I had heard and read a good deal of Port Antonio, and intended visiting the place. Hearing some friends were going, I agreed to go with them.
We left Kingston at two in the afternoon, and should have reached Port Antonio at six in the evening, in good time for dinner, intending to take either a moonlight stroll or drive afterwards.
The first part of the journey occurred without mishap. We were just half-way, and it was after four o’clock, when, apparently, we were making an extra long stay at a station. Several passengers grumbled, peered out, then discovered something had gone wrong with the works. This is of such everyday occurrence that nobody seemed alarmed. In a few moments we learnt, quite casually, that a luggage train was derailed in a tunnel 200 yards ahead, and as it was a single line to Port Antonio, we should probably wait some time before we could proceed.
We must have waited at that God-forsaken spot nearly two hours. There was no inn or habitation where we could get as much as a cup of tea! We were then told to re-enter the train, which would take us to the entrance of the tunnel. We would have then to walk through to the other end, where a train was now waiting to take us to our destination. It was growing dark; the train crawled cautiously down a fairly steep incline, until both engines faced each other, only about 20 or 30 yards being left between them. The luggage was transferred, and we commenced our subterranean walk.

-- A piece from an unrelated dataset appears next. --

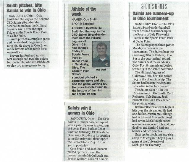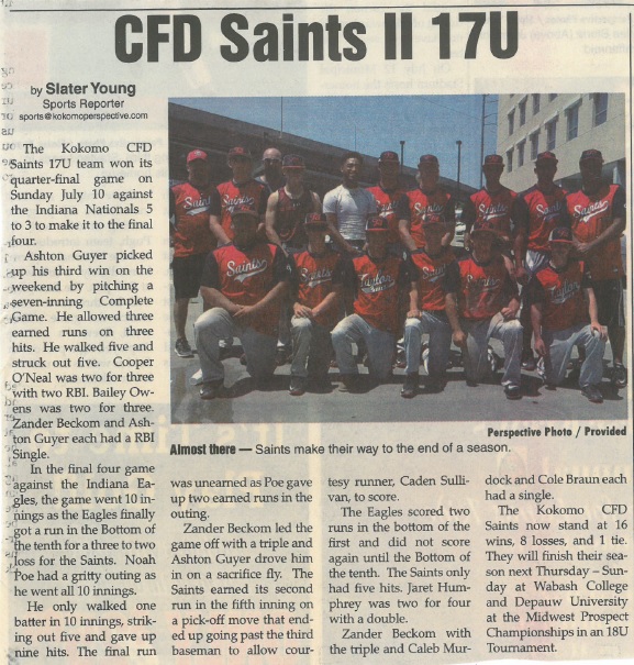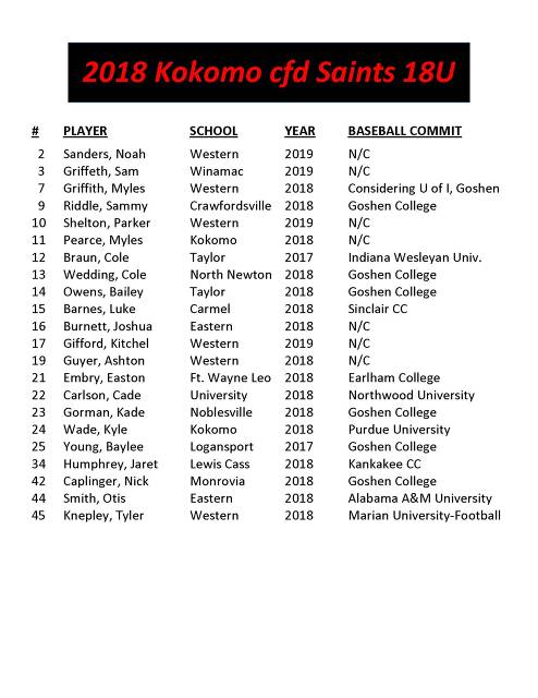 The Kokomo cfd Saints II will have one last summer of baseball in the summer of 2018. Unfortunately, we were unable to find enough 19U tournaments in the Midwest. Therefore, we have decided to have an 18U Team. The Saints are looking to add two more 18 year-old Pitchers for the 2018 season and have already picked up some very quality players, but are looking to add 2 more pitchers for the 2018 season and round the roster out with 15 to 16 players. If you will be 18 and are a pitcher and you have an interest in playing, please email Brent Owens at brent.owens@cfdinvestments.com.

As we passed the derailed engine, which presented a slightly drunken aspect, the heat of the tunnel, combined with that from the roaring and steaming locomotive, was thoroughly appalling; at the same time the shouting of the officiate and the chattering of the blacks, who, laden with baggage, pushed past, made one think one had “struck” the direct road to the infernal regions. Only a narrow, stony footway between the rails and the wall of the tunnel made progress a matter of difficulty.
We were nearly exhausted when we once more emerged into the twilight. The train lingered at every stopping-place; it was dark, so we could not see the north coast. Instead of six, it was eleven at night when at last we lumbered into Port Antonio.
We had had neither bite nor sup since one o’clock, and were fairly famished. To add to our misfortunes, it was raining in torrents at Port Antonio; no conveyance was at the station. A messenger was promptly despatched to the hotel for a “bus.” In about twenty minutes a couple of buggies drove up in the darkness, and whirled us up a steep hill to the only establishment the town possesses, where we arrived nearly dead-beat with fatigue. We instantly clamoured for brandy, or whisky and soda, but found, to our dismay, that it was a temperance hotel! I fear we reviled the upholders of that noble cause, but there was nothing to be done but swallow cold, weak tea, and stay our hunger on the uninviting scraps of meat they brought us with much grumbling. Giving us any food at all was evidently a work of supererogation on their part. We represented that ours was an exceptional case, but it is well to learn that the American who intends to make dollars, and plenty of them, has no time for politeness, nor is there room in his policy for the milk of human kindness.
This was my introduction to the much-lauded American establishment known as the Tichfield Hotel, which I had heard spoken of as the best hotel in the island. It certainly is beautifully situated on a hill overlooking the harbour, and the fruit, which is lavishly set before the visitor at every meal, is quite a feature. The building is commodious, and cleanliness and comfort are decidedly not lacking.